Вскоре в военную академию связи, в которой Серго Берия учился с октября 1942-го, приехал генерал Власик, начальник личной охраны Сталина.
— Собирайся, — строго сказал он, — вызывает Иосиф Виссарионович.
Он был удивлён: никогда раньше Сталин не вызывал его лично (это потом, во время Тегеранской конференции, когда Серго будет лично прослушивать разговоры Рузвельта, Сталин будет ежедневно вызывать его для доклада и подробно расспрашивать даже об интонациях голоса, пытаясь предвосхитить американскую позицию на следующем заседании). Пригласив юношу к столу (Сталин в этот момент завтракал) и задав дежурные вопросы о самочувствии, учёбе в академии, когда Серго, беспечно отвечая на них, сидел с полным ртом, он задал ему вопрос в лоб:
— Это ты Светлане револьвер подарил? А знаешь, что у нас дома с оружием было? Нет? Мать Светланы в дурном настроении с собой покончила… Мозгов, что ли, у тебя нет, не знаешь, что нельзя ребёнку давать оружие?!
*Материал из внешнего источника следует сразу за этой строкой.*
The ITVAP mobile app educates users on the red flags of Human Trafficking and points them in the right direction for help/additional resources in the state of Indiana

Серго оторопел, услышав такое. Он, как и все, знал, что Надежда Аллилуева умерла. Ни мать, ни отец, хотя он был близок с сыном и наедине часто выражал недовольство массовыми арестами, никогда они не рассказывали ему о самоубийстве Надежды Аллилуевой, и он знал официальную версию смерти, о гнойном аппендиците.
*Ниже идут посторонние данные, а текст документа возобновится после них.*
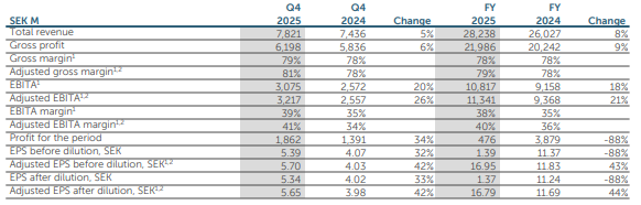 • Earnings per share (EPS) before dilution was SEK 5.39 (4.07) and EPS after dilution was SEK 5.34 (4.02). Adjusted EPS before dilution1 was SEK 5.70 (4.03) and adjusted EPS after dilution1 was SEK 5.65 (3.98)
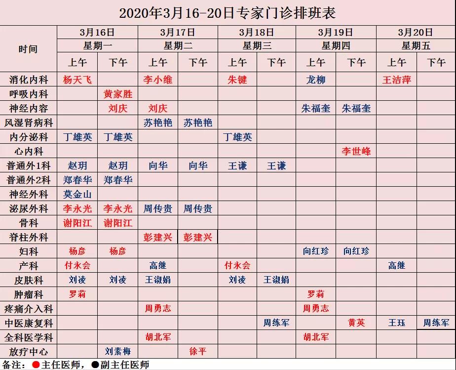 按相关要求,为方便患者就医,我院恢复正常门诊,3月16日-20日专家门诊安排如下:

Но зимой 1942-го Света уже знала всю правду и обсуждала эту тему с отцом. Иосиф Виссарионович был противником генетики и теории наследственности, но только тогда, когда это не касалось его семьи. Он помнил, что не только Надя, но и Яша однажды уже стрелялся. Значит, с дочерью надо вести себя осторожно, гены у неё непокорные — Аллилуевой и Джугашвили. Предупредив Серго о недопустимости впредь подобных подарков, Сталин смягчился:
— Ладно, иди, но за такие вещи вообще-то надо наказывать…
Он знал, что характером дочь пошла в мать, и боялся, что если резко вмешается в её личную жизнь, то случится непоправимое. Маленький пистолетик, подаренный Серго Берией, его напугал, вновь напомнил вечер перед самоубийством жены. Поэтому он сдерживал себя, когда у дочери начался роман с Каплером, не выдержав лишь тогда, когда увлечение дошло до поцелуев, обычно предшествующих физической близости, от которой быстренько он дочь оградил. Вот так Надежда Аллилуева через десять лет после самоубийства неожиданно спасла Алексея Каплера. Ведь всё для него могло кончиться хуже, — например, автокатастрофой, чтобы не расстраивать дочь…
Оргвыводы были сделаны следующие: Александру Накашидзе, копавшуюся в Светиных письмах и дневниках и, тем не менее, недоглядевшую за её нравственностью, изгнали с работы. Она стремительно вышла замуж и от греха подальше поспешно отбыла в Грузию, чему Светлана была несказанно рада. Одним шпиком в её окружении стало меньше.
Василию и Светлане отец запретил появляться в Зубалове, сказав, что они превратили дачу в вертеп. Полковник Василий Сталин получил от отца, наркома обороны, десять суток ареста, после чего был направлен в армию командиром 32-го гвардейского авиаполка. Провоевал он недолго, около месяца.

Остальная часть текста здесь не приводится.